(Material shown Opens)

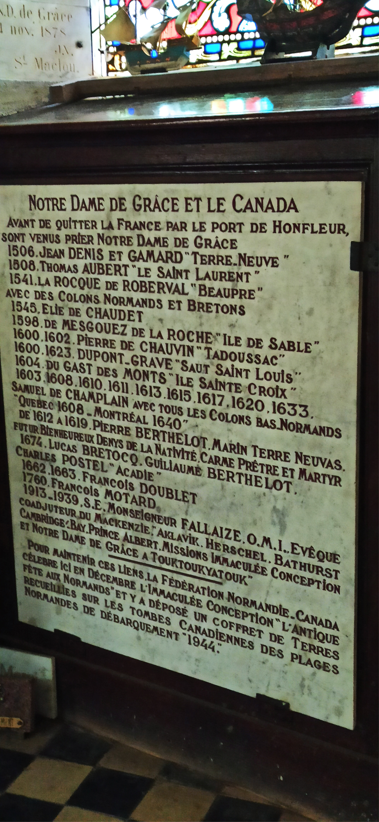 Des ex-votos sous forme de plaques de marbre et de tableaux perpétuent le souvenir de personnages célèbres venus se recueillir dans cette chapelle : Samuel de Champlain, Pierre Berthelot, Louis XIII, Bonaparte, Sainte Thérèse de Lisieux….
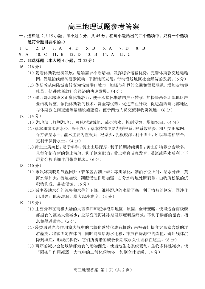 高三地理答案--山东省菏泽市2023届高三上学期期末考试
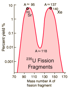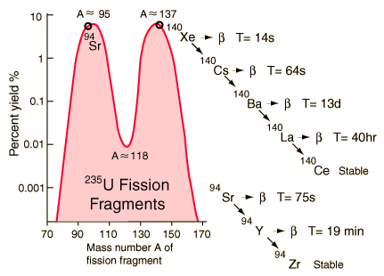 Fission Fragment DecayThis particular set of fragments from uranium-235 fission undergoes a series of beta decays to form stable end products. ![]() |
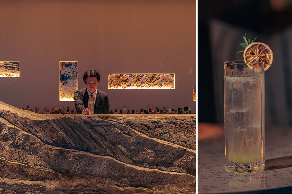 1階にあるバーラウンジでは地元のフルーツを使ったカクテルなどをさまざま提供。写真のカクテルは「KAIKO」(2000円)。三浦レモン、ジン、シトラスビター、ソーダで海風を感じる爽やかな一杯。左写真のバーカウンターは海岸の岩をイメージ。
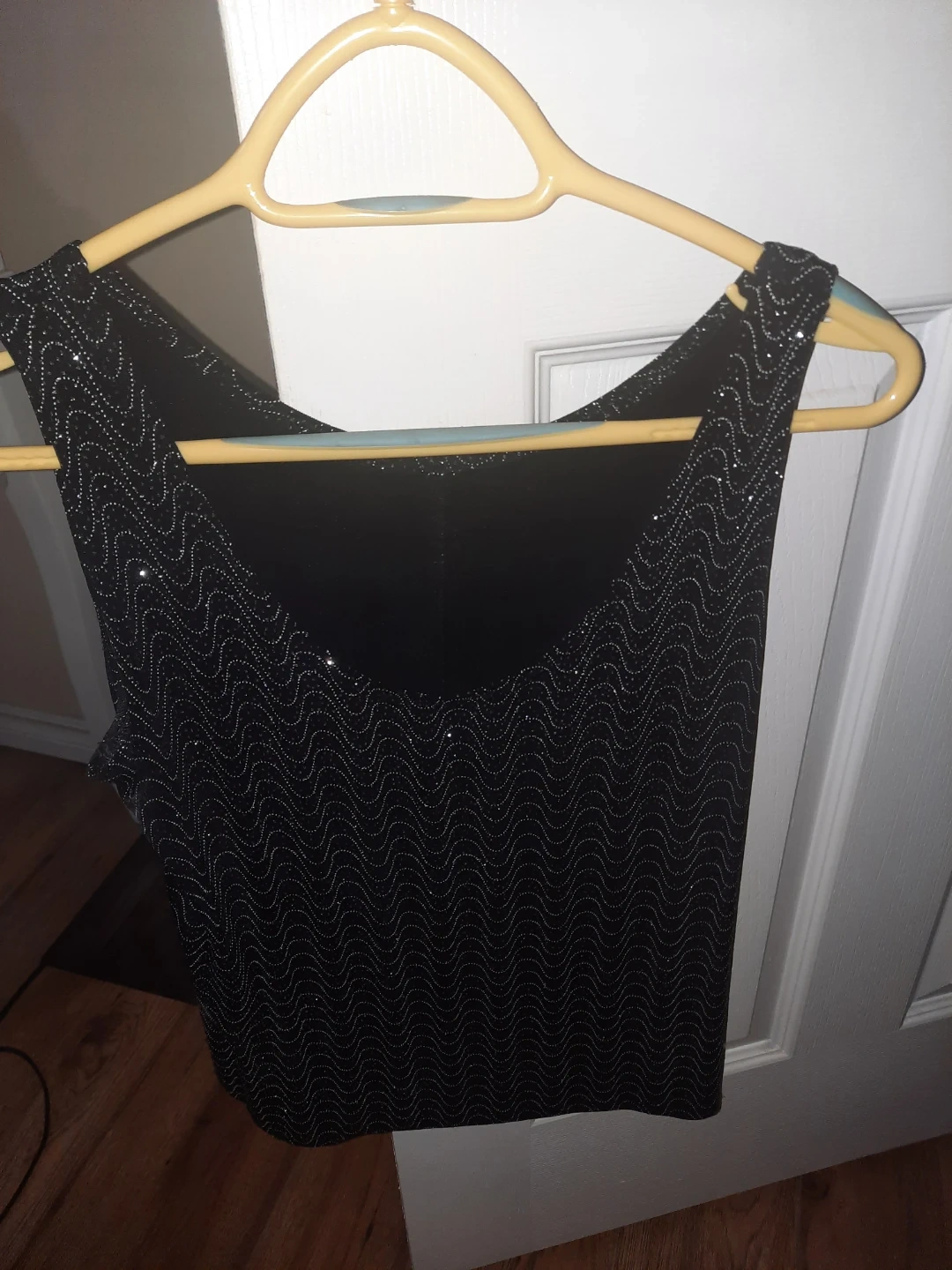 The item in the image is a black, long-sleeved, sparkly top. It is a tank top with a matching jacket

(Material shown Closes)

Your task: When copying the entries above, keep each word as it is and exclude any image.

Task output:
 Des ex-votos sous forme de plaques de marbre et de tableaux perpétuent le souvenir de personnages célèbres venus se recueillir dans cette chapelle : Samuel de Champlain, Pierre Berthelot, Louis XIII, Bonaparte, Sainte Thérèse de Lisieux….
 高三地理答案--山东省菏泽市2023届高三上学期期末考试
 Fission Fragment DecayThis particular set of fragments from uranium-235 fission undergoes a series of beta decays to form stable end products. ![]() |
 1階にあるバーラウンジでは地元のフルーツを使ったカクテルなどをさまざま提供。写真のカクテルは「KAIKO」(2000円)。三浦レモン、ジン、シトラスビター、ソーダで海風を感じる爽やかな一杯。左写真のバーカウンターは海岸の岩をイメージ。
 The item in the image is a black, long-sleeved, sparkly top. It is a tank top with a matching jacket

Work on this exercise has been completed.